How we wound up in Astoria (which is in Queens) when we were supposed to be in Manhattan. On the Triborough Bridge, which connects Queens, Manhattan and the Bronx in some mysterious way, Jeff said, "Which way should I go?" And I said, clearly, Left. I even pointed left. But Jeff felt he'd be better off hedging his bets and staying in the middle lane, where eventually he found himself drifting to the right. Between feeling exasperated that he wasn't following my directions and having to cope with back-seat demands ("Mommy! Mommy! Want cracker! Want Buzz Lightyear!"), which is much more difficult than driving, especially when you have someone giving you directions, I stopped paying attention. But it wasn't my hands on the wheel, so I'm not accepting any blame for winding up in Queens. Nothing worse than someone asking directions and then not taking them. It reminds me of what a graduate student once told me about how Parisians ask for street directions: By listening huffily to your answer and then interrupting to say, "Non, non!" and then giving you what they think are the correct directions.

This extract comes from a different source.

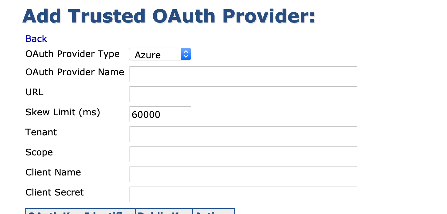 - In EJBCA, go to System Configuration → Trusted Oauth Providers, and click Add.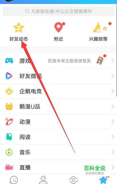 进入之后,找到“好友动态”,点击并进入,如图所示。

The comment about nose hair. What a mean thing to say! People are probably asking, Why would Jeff's wife have said something so cruel? Jeff's account of this not particularly critical event is accurate. Mostly. I'd like to correct the record, however, and point out that I snapped, "First, clip your nose hairs!" after Jeff had already ignored my directions ("Take the left lane off the Triborough") and gone his own way. Then, when he felt himself floundering and clearly couldn't avoid taking the first exit into Queens (either that, or get on the Grand Central Parkway) he turned on me and said, "Why didn?t you give me directions?" So I did.

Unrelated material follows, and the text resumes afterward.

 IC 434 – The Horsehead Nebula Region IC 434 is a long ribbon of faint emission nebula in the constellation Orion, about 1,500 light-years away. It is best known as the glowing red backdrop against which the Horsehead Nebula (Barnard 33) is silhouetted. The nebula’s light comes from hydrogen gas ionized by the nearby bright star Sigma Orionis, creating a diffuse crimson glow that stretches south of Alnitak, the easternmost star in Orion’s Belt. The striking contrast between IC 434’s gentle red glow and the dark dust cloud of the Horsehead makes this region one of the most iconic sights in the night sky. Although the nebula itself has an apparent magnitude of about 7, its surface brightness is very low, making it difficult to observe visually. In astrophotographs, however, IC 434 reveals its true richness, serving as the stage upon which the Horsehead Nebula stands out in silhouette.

The parking space. Grasping at a silver lining, Jeff says we got a great parking space when we got back, which we wouldn't have gotten if he hadn't gotten us lost ("Gotten": like it took careful choreography to get there instead of simply not listening). A) It wasn't that great. "Great" means in front of your apartment building. B) Maybe if we hadn't gotten lost, we would have gotten an even better spot. Say, one in front of our building.

The word itself. It wasn't actually under my breath. If it had been, Ned might not have heard it so clearly that he was able to repeat it with such perfect clarity, inspiring me to change the initial consonant and tinker with the internal vowel. Something about the sound of my three-year-old saying The Word over and over again galvanized me.

Using our new word ... ... feels pretty good! It's nice to have a secret from the world, though most people with at least a 6th-grade education can probably figure out what you really mean. My family certainly knows now. "What a quacking lie!" Jeff said the other night, on an unrelated topic. "You can?t say that anymore," noted Uncle Rob. Still, it is a relief to have a bad word I can say in front of my children, though I think they will probably pick this up eventually.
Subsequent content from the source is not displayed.